• [Work order]
Would you please write out each of the entries below exactly, omitting pictures?
=====
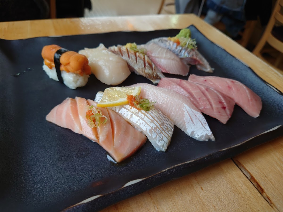 We love this place! If you want a traditional style Japanese sushi meal, this place is it. My wife and I dined in and ordered a chirashi bowl, chef’s sushi choice platter, and extra sushi pieces. The fish is fresh, the rice is seasoned, and the plating is thoughtful and just like I remember it in Japan. I was not expecting it at all, but the chef’s choice had TWO pieces of toro and a piece of uni. My wife and I love traditional sushi and have had a few omakase experiences. Even though this wasn’t it, it’s not far off, minus the catered service and multiple course experience an omakase experience brings. If you’re not into traditional sushi experiences, don’t come expecting fancy rolls covered in sauces. That’s not the vibe at this place. It’s intimate and meant for “old school” sushi vibes. The couple are definitely from Japan and have a very stoic vibe to them, but I’m used to it. You may even have to get their attention (Just like in Japan! I freakin love it lol). They turn people down at the door if you don’t have a reservation to keep the restaurant’s intimate atmosphere, but if you’re lucky someone might have cancelled and they may have an opening. Take it for what you will, but we love this place and will definitely be back! Just bummed we didn’t start coming earlier!
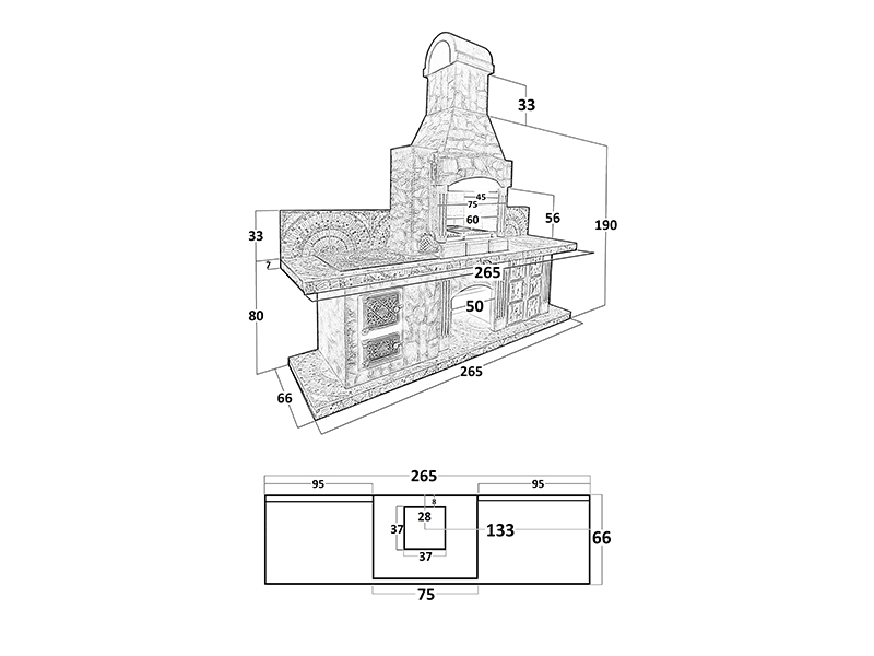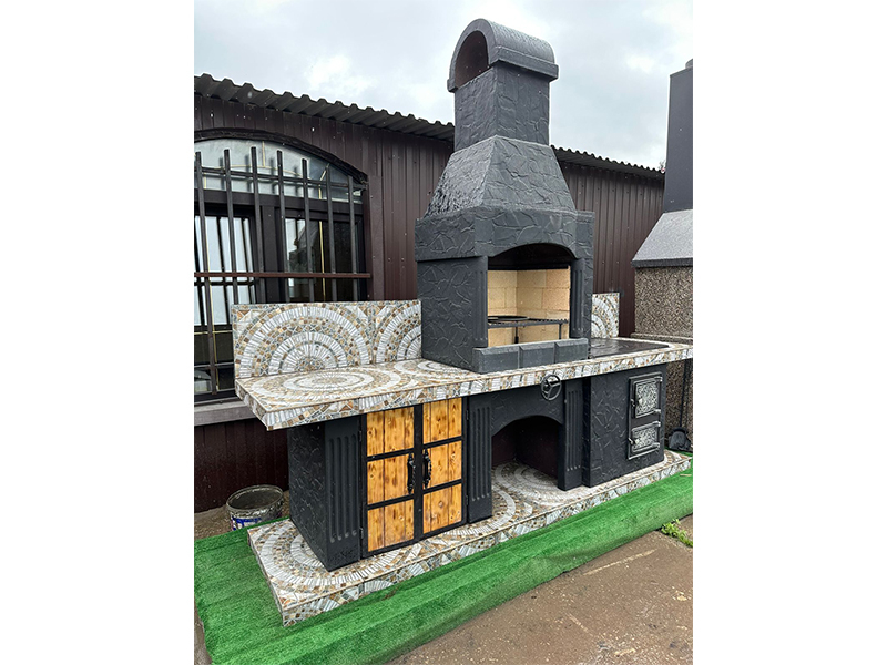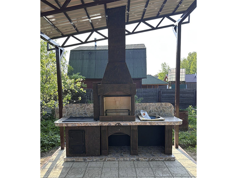 Внутри печь сделана из армированного бетона — это тоже очень надежное решение, которое неоднократно себя зарекомендовало. Мы работаем на рынке более 10 лет, поэтому хорошо понимаем, какой должна быть основа печи-барбекю, чтобы она хорошо справлялась с возложенными на нее задачами, не теряла функциональность и внешний вид долгое время.
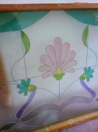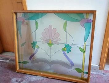 Vendo bellissima vetrata decorativa realizzata in vetro colorato,con motivi floreali in stile liberty. Dimensioni incluso il telaio: Lunghezza 124 cm, Altezza 104 cm, profondità 9 cm . Telaio in legno massello incluso. Ottime condizioni.
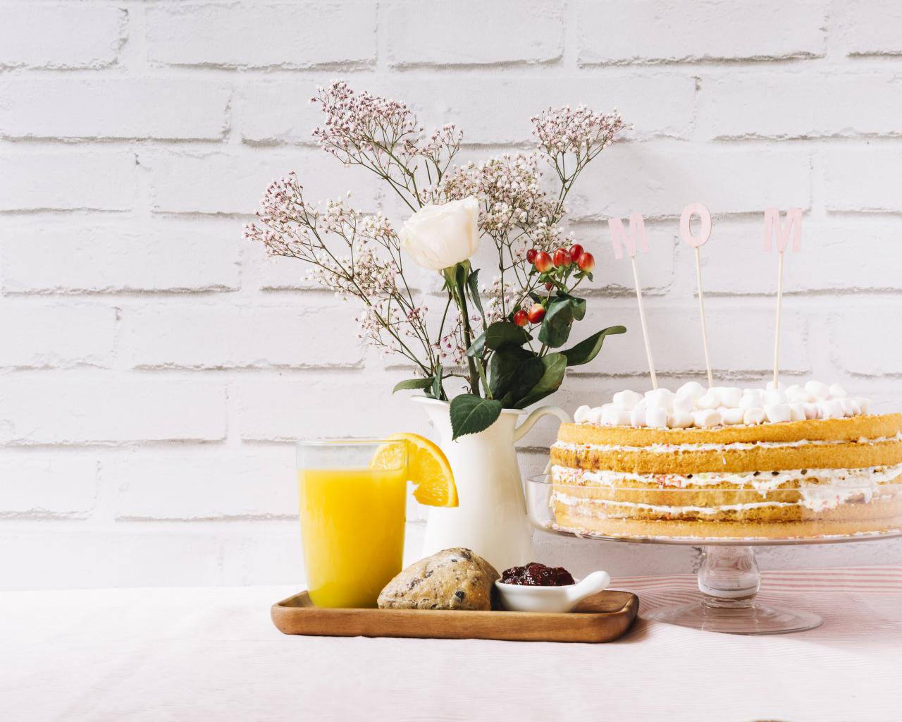 Wallpaper Cake with flowers cupcake and juice for mom
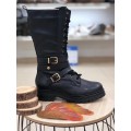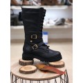 Bota de estilo militar Exe modelo 686K en color negro. Corte realizado en piel natural con detalle de tiras con hebillas en color dorado, forro interior de piel y material textil de excelente transpiración, cierre mediante cordones y cremallera para lograr el ajuste correcto a la pierna, suela de material sintético muy ligera y flexible con gran adherencia. Altura de la caña 30 cm.
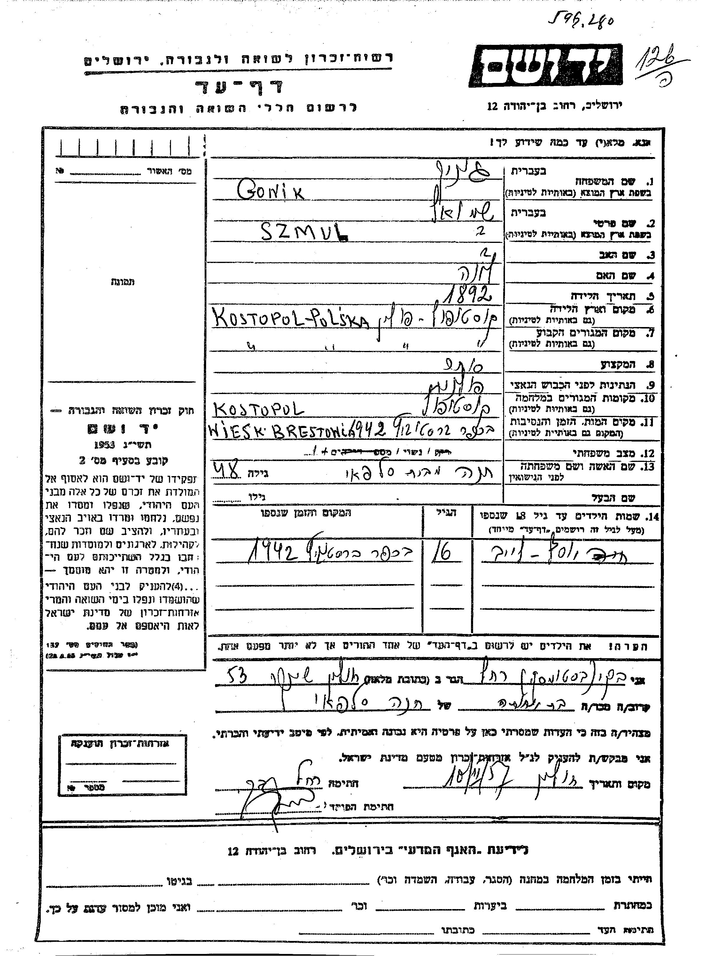 גוניק Szmul 1892 Kostopol, פולין דף-עד
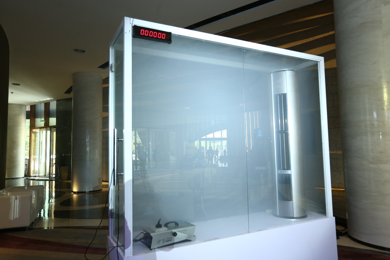 品鑒會現場,海信空調對舒適家系列新品進行了凈化、急速制冷、創新送風模式的演示。在凈化環節中,在安裝了海信舒適家空凈一體空調的密閉玻璃房內釋放濃煙直至整個玻璃房成為“白”色,然后開啟海信空調的凈化功能,玻璃房內的濃煙迅速變淡,44秒后徹底被吸收干凈,在場人士紛紛感慨這是“看得見的凈化效果”,“感覺比空氣凈化器還要快”。
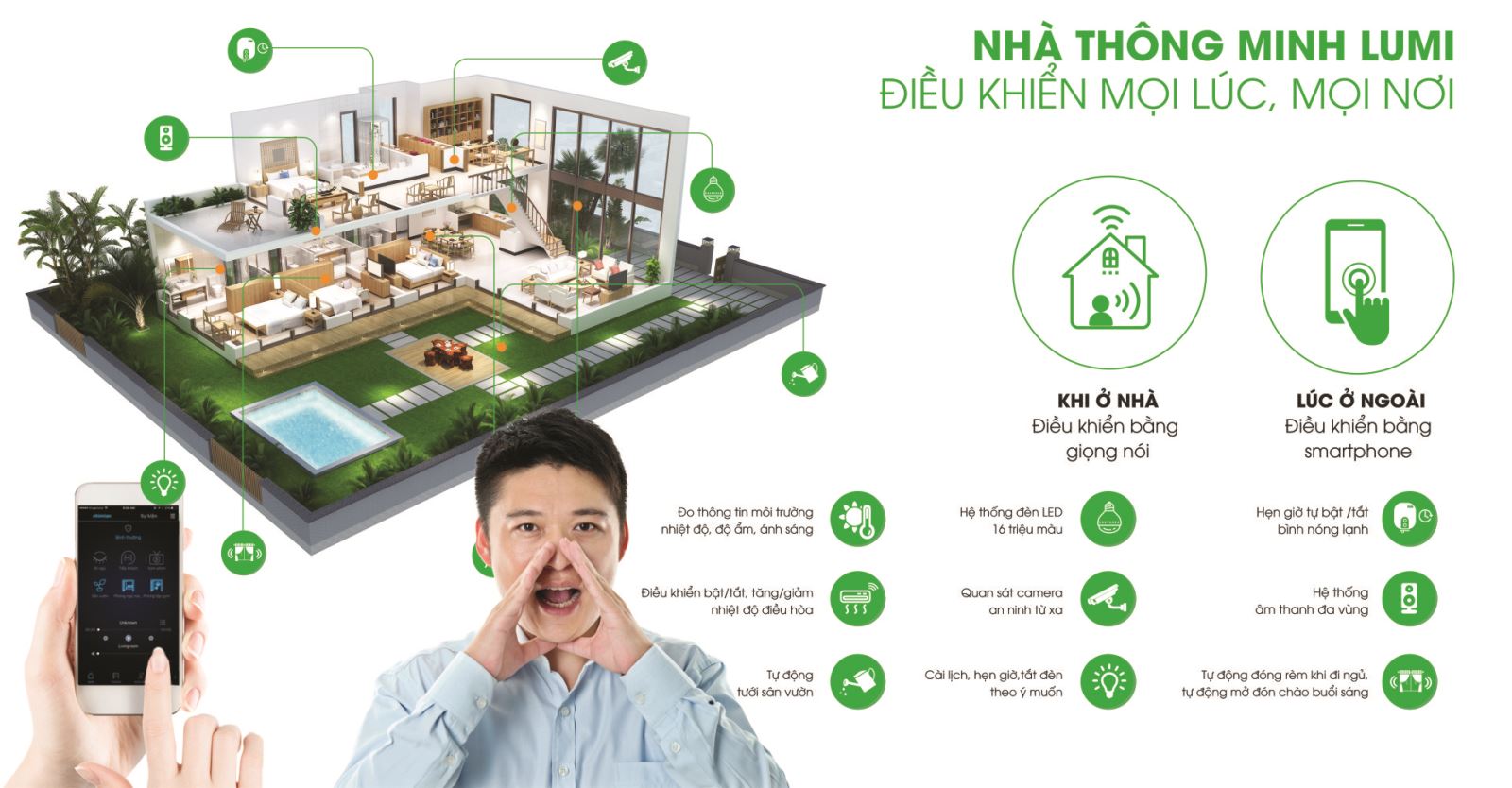 Bạn sẽ được trải nghiệm một không gian tiện nghi trong mơ trong chính ngôi nhà của mình với hệ thống chiếu sáng thông minh, âm thanh đa vùng, an ninh an toàn,... tất cả đều có thể tự động theo ý muốn của chủ nhân ngôi nhà. Đặc biệt hơn, đó chính là chi phí hoàn toàn "hợp túi tiền" mà ai cũng có thể sở hữu. Chi phí nhỏ mà đem lại lợi ích vô cùng lớn và thiết thực cho cuộc sống gia đình bạn.
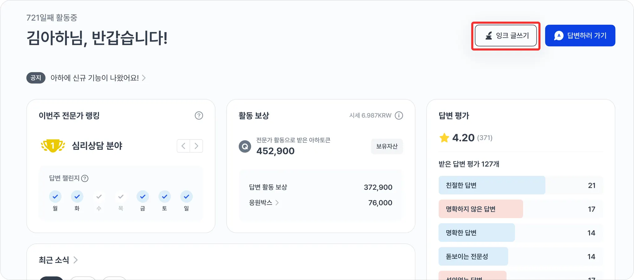 대시보드 투데이 하단에 잉크 현황 카드를 클릭하거나, 상단의 전문가 활동을 클릭해서 나의 잉크 목록을 확인할 수 있어요.
=====
• [Your solution]
 We love this place! If you want a traditional style Japanese sushi meal, this place is it. My wife and I dined in and ordered a chirashi bowl, chef’s sushi choice platter, and extra sushi pieces. The fish is fresh, the rice is seasoned, and the plating is thoughtful and just like I remember it in Japan. I was not expecting it at all, but the chef’s choice had TWO pieces of toro and a piece of uni. My wife and I love traditional sushi and have had a few omakase experiences. Even though this wasn’t it, it’s not far off, minus the catered service and multiple course experience an omakase experience brings. If you’re not into traditional sushi experiences, don’t come expecting fancy rolls covered in sauces. That’s not the vibe at this place. It’s intimate and meant for “old school” sushi vibes. The couple are definitely from Japan and have a very stoic vibe to them, but I’m used to it. You may even have to get their attention (Just like in Japan! I freakin love it lol). They turn people down at the door if you don’t have a reservation to keep the restaurant’s intimate atmosphere, but if you’re lucky someone might have cancelled and they may have an opening. Take it for what you will, but we love this place and will definitely be back! Just bummed we didn’t start coming earlier!
 Внутри печь сделана из армированного бетона — это тоже очень надежное решение, которое неоднократно себя зарекомендовало. Мы работаем на рынке более 10 лет, поэтому хорошо понимаем, какой должна быть основа печи-барбекю, чтобы она хорошо справлялась с возложенными на нее задачами, не теряла функциональность и внешний вид долгое время.
 Vendo bellissima vetrata decorativa realizzata in vetro colorato,con motivi floreali in stile liberty. Dimensioni incluso il telaio: Lunghezza 124 cm, Altezza 104 cm, profondità 9 cm . Telaio in legno massello incluso. Ottime condizioni.
 Wallpaper Cake with flowers cupcake and juice for mom
 Bota de estilo militar Exe modelo 686K en color negro. Corte realizado en piel natural con detalle de tiras con hebillas en color dorado, forro interior de piel y material textil de excelente transpiración, cierre mediante cordones y cremallera para lograr el ajuste correcto a la pierna, suela de material sintético muy ligera y flexible con gran adherencia. Altura de la caña 30 cm.
 גוניק Szmul 1892 Kostopol, פולין דף-עד
 品鑒會現場,海信空調對舒適家系列新品進行了凈化、急速制冷、創新送風模式的演示。在凈化環節中,在安裝了海信舒適家空凈一體空調的密閉玻璃房內釋放濃煙直至整個玻璃房成為“白”色,然后開啟海信空調的凈化功能,玻璃房內的濃煙迅速變淡,44秒后徹底被吸收干凈,在場人士紛紛感慨這是“看得見的凈化效果”,“感覺比空氣凈化器還要快”。
 Bạn sẽ được trải nghiệm một không gian tiện nghi trong mơ trong chính ngôi nhà của mình với hệ thống chiếu sáng thông minh, âm thanh đa vùng, an ninh an toàn,... tất cả đều có thể tự động theo ý muốn của chủ nhân ngôi nhà. Đặc biệt hơn, đó chính là chi phí hoàn toàn "hợp túi tiền" mà ai cũng có thể sở hữu. Chi phí nhỏ mà đem lại lợi ích vô cùng lớn và thiết thực cho cuộc sống gia đình bạn.
 대시보드 투데이 하단에 잉크 현황 카드를 클릭하거나, 상단의 전문가 활동을 클릭해서 나의 잉크 목록을 확인할 수 있어요.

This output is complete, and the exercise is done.